Does building a Python library fall in the category of research?

The point of research is the production of knowledge. If, after you take away all the code you’ve written and the datasets you’ve collected, there’s nothing left, then you’re not doing research, you’re doing development.

So, if you want to do artefact-oriented research like this, the question you have to ask yourself is this: what is the new knowledge you’re producing? Are you testing a new, better algorithm? Are you applying an existing algorithm in a new context and determining if it works there? Are you investigating how a complex system functions, or how it interacts with humans and/or the environment? What is the research question that you’re answering?

If you do determine that you’re doing research rather than development, however, there are a number of artefact-oriented research methodologies, such as the Design Science Research Methodology. You should be able to find more information on it with Google Scholar, if you’re a member of an institution that gives you access to their research journal subscriptions.


It can and has been done.

Consider PonyGE2, a Python framework for Grammatical Evolution. It has presented at GECCO '17, a leading conference on genetic and evolutionary computation.

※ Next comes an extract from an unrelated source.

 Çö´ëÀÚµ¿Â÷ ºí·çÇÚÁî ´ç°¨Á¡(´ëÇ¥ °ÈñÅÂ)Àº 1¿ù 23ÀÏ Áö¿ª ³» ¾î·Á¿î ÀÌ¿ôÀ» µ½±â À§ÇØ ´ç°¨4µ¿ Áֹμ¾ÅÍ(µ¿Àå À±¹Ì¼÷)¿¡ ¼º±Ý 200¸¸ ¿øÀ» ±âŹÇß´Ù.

It's not strange that it was accepted; it was devised as a research tool, allowing other researchers to also experiment with GE using a common framework. So while it's perhaps not so much entirely novel research, it's more a "utility publication", similar to a publication describing an interesting dataset or benchmark set.

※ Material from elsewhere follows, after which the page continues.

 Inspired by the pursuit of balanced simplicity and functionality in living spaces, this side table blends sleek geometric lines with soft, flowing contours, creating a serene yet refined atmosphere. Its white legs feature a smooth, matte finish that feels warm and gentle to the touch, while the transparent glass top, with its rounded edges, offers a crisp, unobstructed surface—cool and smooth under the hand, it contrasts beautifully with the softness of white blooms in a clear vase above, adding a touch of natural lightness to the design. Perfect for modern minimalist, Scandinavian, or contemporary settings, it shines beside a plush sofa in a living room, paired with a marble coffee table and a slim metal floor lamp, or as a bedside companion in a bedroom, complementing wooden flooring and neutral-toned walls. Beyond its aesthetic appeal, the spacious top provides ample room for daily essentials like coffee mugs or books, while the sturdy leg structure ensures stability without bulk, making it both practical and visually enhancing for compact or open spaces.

Note that the Github page tells you how to cite PonyGE2 if you use it in research. A utility publication that accompanies a tool that gains wide adoption can actually result in a lot of citations.

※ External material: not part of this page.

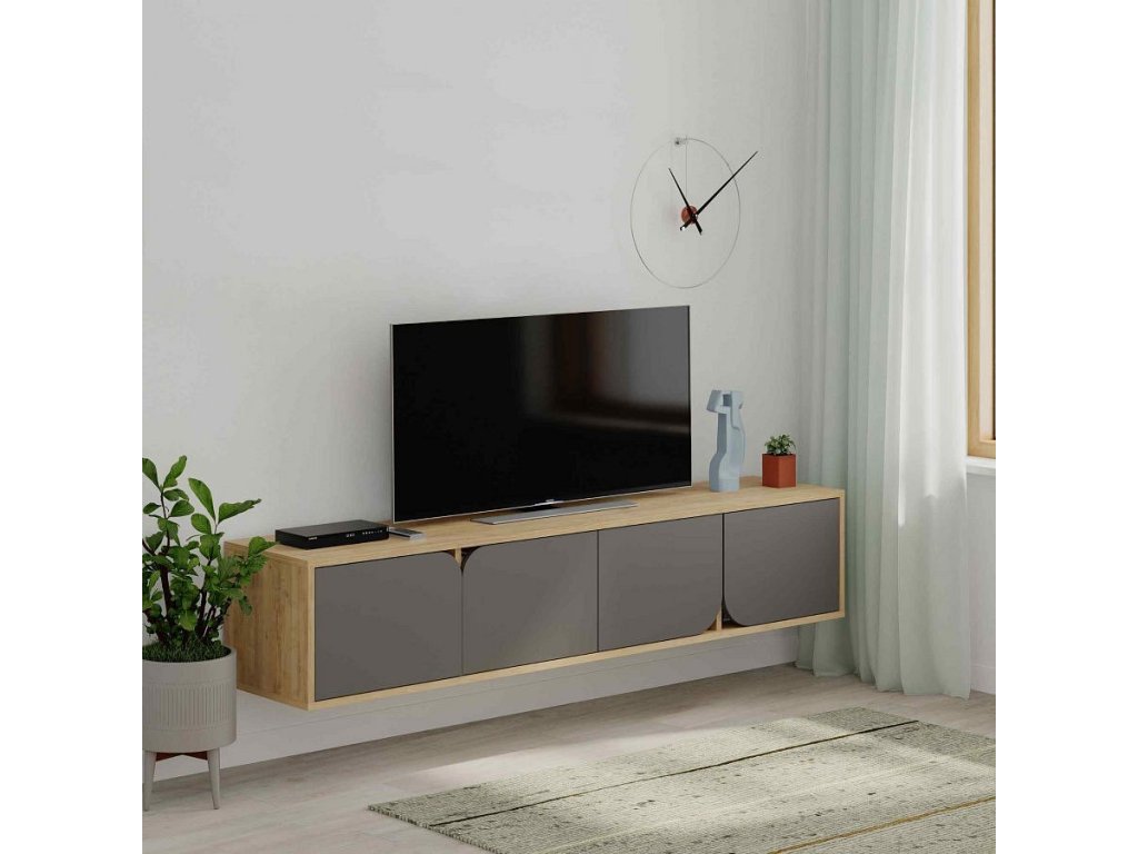 Objevte TV stolek - ideální řešení pro všechny, kteří hledají kombinaci funkčnosti a designu. Elegantní kombinace dubu a antracitu dodá vašemu obývacímu pokoji jedinečný vzhled.

There might be research that leads you to build such a library, but coding itself, isn't research. But compilers, for example, were built on a ton of research prior to any coding beyond the experimental.

One often, in CS, does some research first and then builds something to validate the conclusions of the research. But the paper produced is about the research findings, not the code. Code optimizers fall in this category as do many aspects of operating systems.

But note that it starts with the research, not the code.